+++ INFORMATION SUPPLIED +++
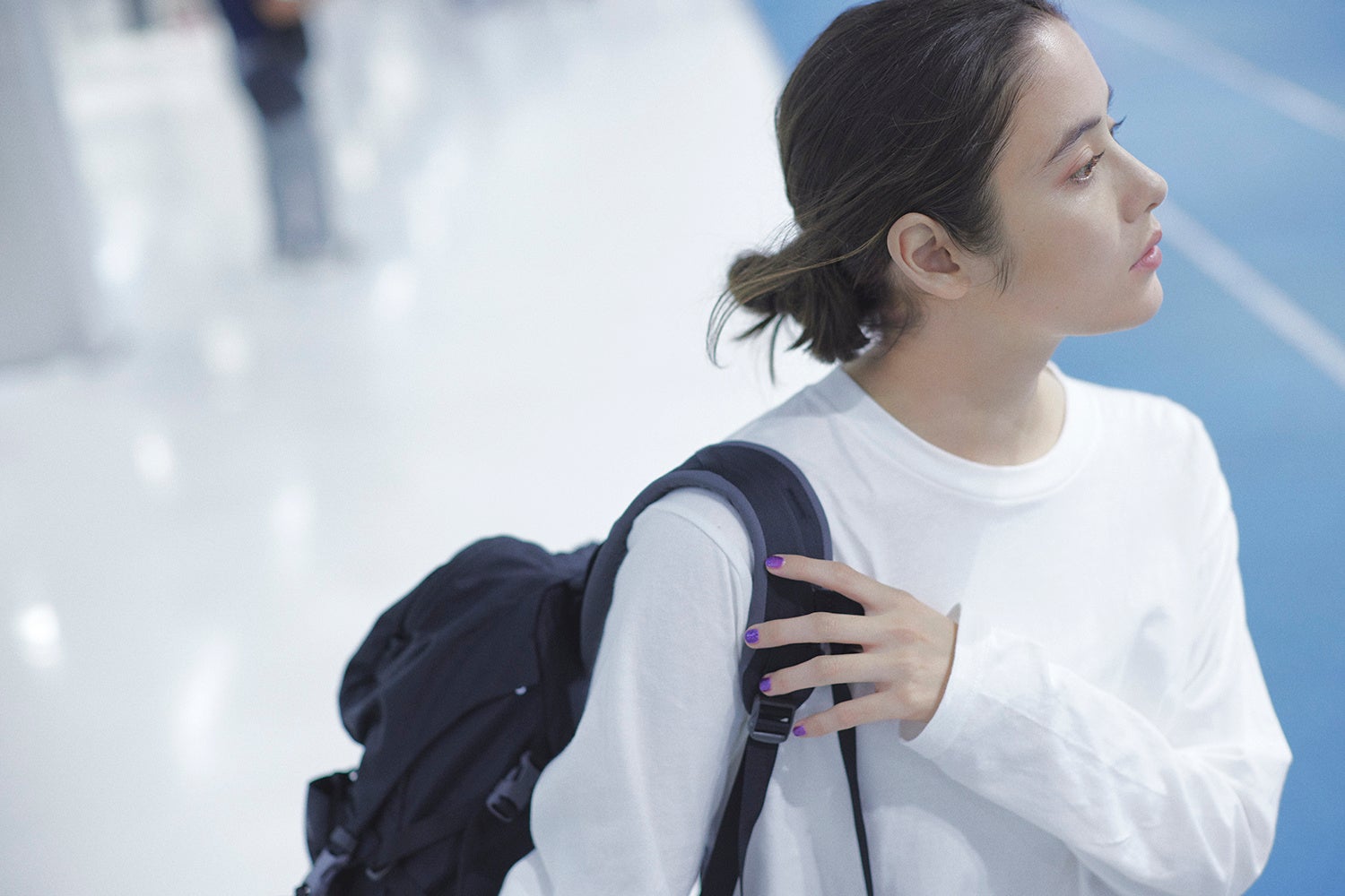写真家の尾身沙紀氏が旅先で撮りためた写真からインスピレーションを受け、まだ見ぬ世界でのあたらしい体験へと自分を駆り立てる姿をイメージ。
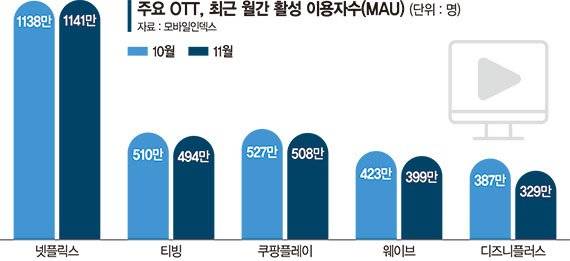 이 같은 상황에서 지난달 넷플릭스가 선두 체제를 굳건히 유지하고 있는 가운데 다른 OTT 플랫폼의 이용자는 감소한 것으로 나타났다. 애플리케이션 분석 서비스 '모바일인덱스'에 따르면 11월 넷플릭스의 MAU는 약 1141만명으로 전달(약 1138만명) 보다 0.3% 증가했다.
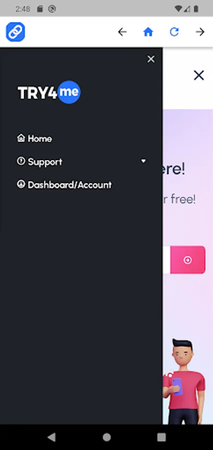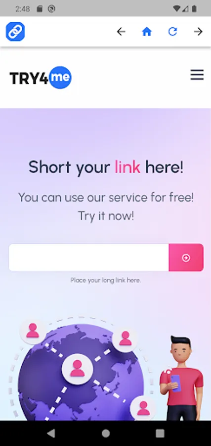 You can easily usr our platform with or without account. If you use it without account, your links will only be shorted. Try4Me is a platform that shorts links, free of charge. But you always can monetize your views by creating an account.
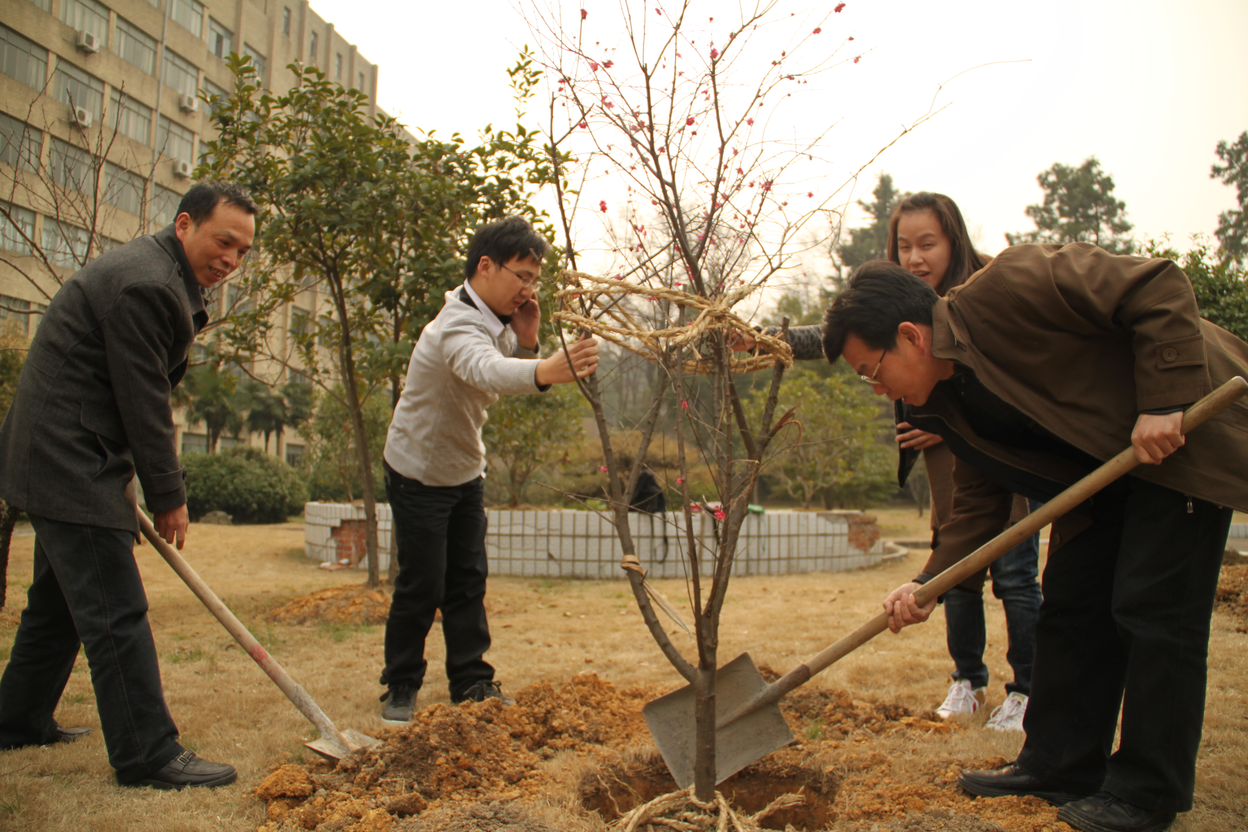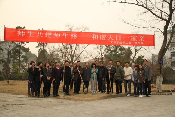 3月11日下午,天目學院院在桃李苑組織開展了以“師生共建師生林 和諧天目一家親”為主題的植綠活動。學院領導師生一起拿起鐵鍬松土、種樹、澆水,干勁十足,熱火朝天。經過一個下午的努力在桃李苑種上了山茶、桂花、紅梅等十余株樹苗,為美麗的衣錦校園又增添了幾分綠意和生機。
+++
Each line from the top of the material through the line containing "이 같은 상황에서 지난달" should be reproduced exactly; please drop any images.

写真家の尾身沙紀氏が旅先で撮りためた写真からインスピレーションを受け、まだ見ぬ世界でのあたらしい体験へと自分を駆り立てる姿をイメージ。
 이 같은 상황에서 지난달 넷플릭스가 선두 체제를 굳건히 유지하고 있는 가운데 다른 OTT 플랫폼의 이용자는 감소한 것으로 나타났다. 애플리케이션 분석 서비스 '모바일인덱스'에 따르면 11월 넷플릭스의 MAU는 약 1141만명으로 전달(약 1138만명) 보다 0.3% 증가했다.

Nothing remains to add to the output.